> Goal of the exercise: You are asked to reproduce the listing exactly and to omit its pictures.

> Data to process:

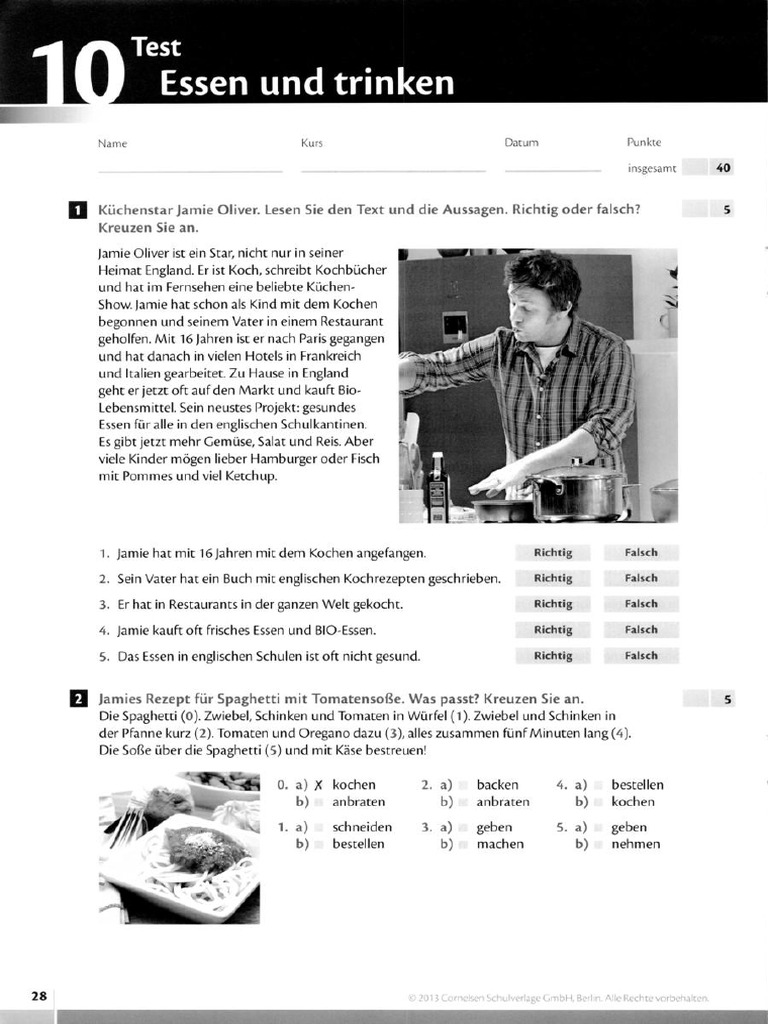 1. Jamie hat mit 16 Jahren mit dem Kochen angefangen. Richtig Falsch
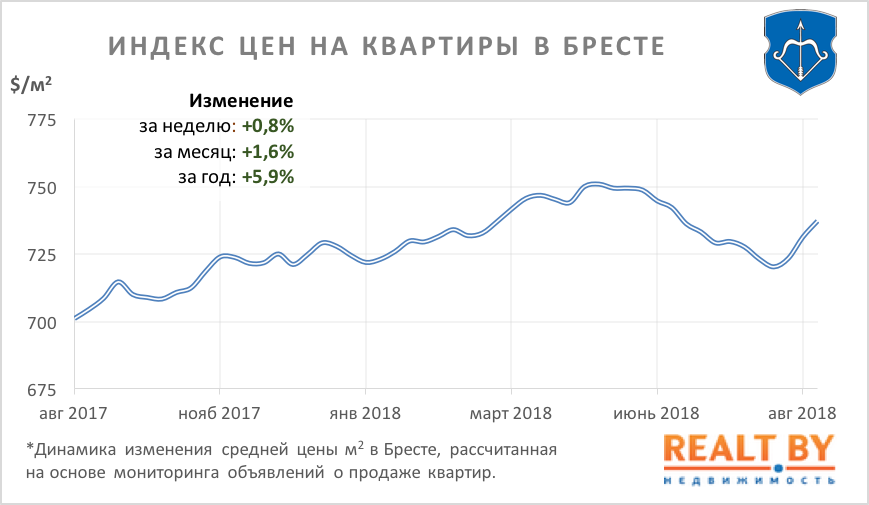 Средняя цена предложения в объявлениях о продаже квартир в Бресте на минувшей неделе выросла на 0,8% и составила 737 $/м2.
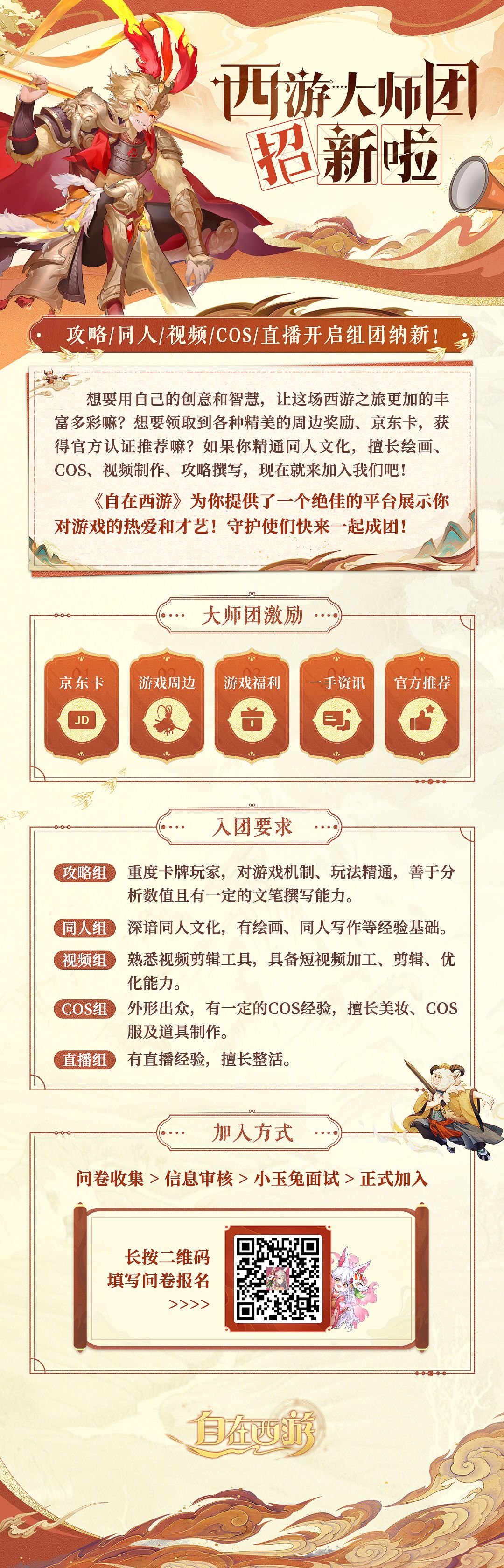 加入西游大师团,除了可以获取到丰厚的奖品激励、近距离与各种大大们共同交流之外,还有机会和《自在西游》的项目组接触,第一时间获取游戏的最新资讯、独家定制访谈栏目等!快来报名吧!
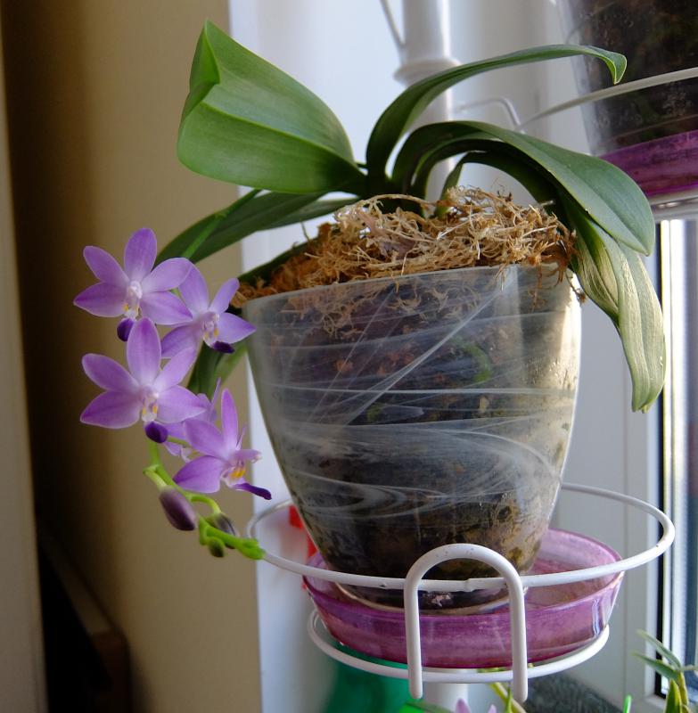 тут явно перепутали либо на ферме, либо при разборе - может, кто-то из заказчиков на форуме потерял...Не скажу наверняка, и размеры соотнести сложно, но либо природник phal. parishii/lobbii, либо гибриды с ними. Либо что-то из Lius Cute-ов, например, Lius Cute Angel.Подскажите кто это у меня такой, может знает кто
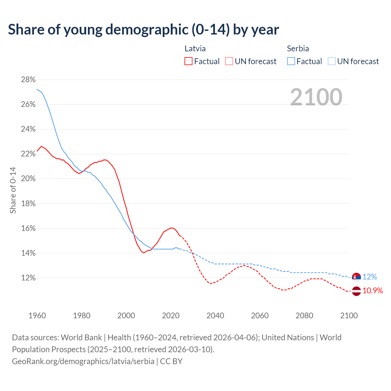 - The share of young demographic (0-15 years old) in Latvia is 15.4% vs 14.3% in Serbia.
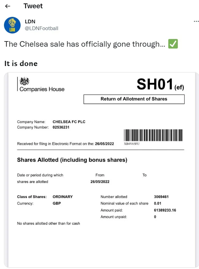 Челси окончательно получил нового владельца – сетью "гуляет" фото документа
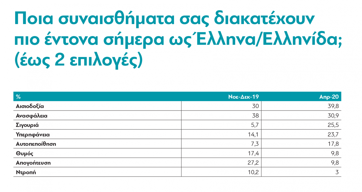 Όταν ζητήσαμε να μας πουν τα δύο κυριότερα αισθήματά τους αυτή τη στιγμή, 40% των ερωτηθέντων ανάφεραν την “αισιοδοξία” (από 30% πέντε μήνες πριν) ενώ 31% επέλεξαν την ανασφάλεια (από 38% τον Δεκέμβριο). Σήμερα πενταπλάσιοι από τότε δηλώνουν ότι νιώθουν σιγουριά, υπερδιπλάσιοι ότι νιώθουν αυτοπεποίθηση. Σχεδόν οι μισοί δηλώνουν το θυμό. Μόνο το ένα τρίτο δηλώνουν σήμερα την απογοήτευση.

> Task output:
 1. Jamie hat mit 16 Jahren mit dem Kochen angefangen. Richtig Falsch
 Средняя цена предложения в объявлениях о продаже квартир в Бресте на минувшей неделе выросла на 0,8% и составила 737 $/м2.
 加入西游大师团,除了可以获取到丰厚的奖品激励、近距离与各种大大们共同交流之外,还有机会和《自在西游》的项目组接触,第一时间获取游戏的最新资讯、独家定制访谈栏目等!快来报名吧!
 тут явно перепутали либо на ферме, либо при разборе - может, кто-то из заказчиков на форуме потерял...Не скажу наверняка, и размеры соотнести сложно, но либо природник phal. parishii/lobbii, либо гибриды с ними. Либо что-то из Lius Cute-ов, например, Lius Cute Angel.Подскажите кто это у меня такой, может знает кто
 - The share of young demographic (0-15 years old) in Latvia is 15.4% vs 14.3% in Serbia.
 Челси окончательно получил нового владельца – сетью "гуляет" фото документа
 Όταν ζητήσαμε να μας πουν τα δύο κυριότερα αισθήματά τους αυτή τη στιγμή, 40% των ερωτηθέντων ανάφεραν την “αισιοδοξία” (από 30% πέντε μήνες πριν) ενώ 31% επέλεξαν την ανασφάλεια (από 38% τον Δεκέμβριο). Σήμερα πενταπλάσιοι από τότε δηλώνουν ότι νιώθουν σιγουριά, υπερδιπλάσιοι ότι νιώθουν αυτοπεποίθηση. Σχεδόν οι μισοί δηλώνουν το θυμό. Μόνο το ένα τρίτο δηλώνουν σήμερα την απογοήτευση.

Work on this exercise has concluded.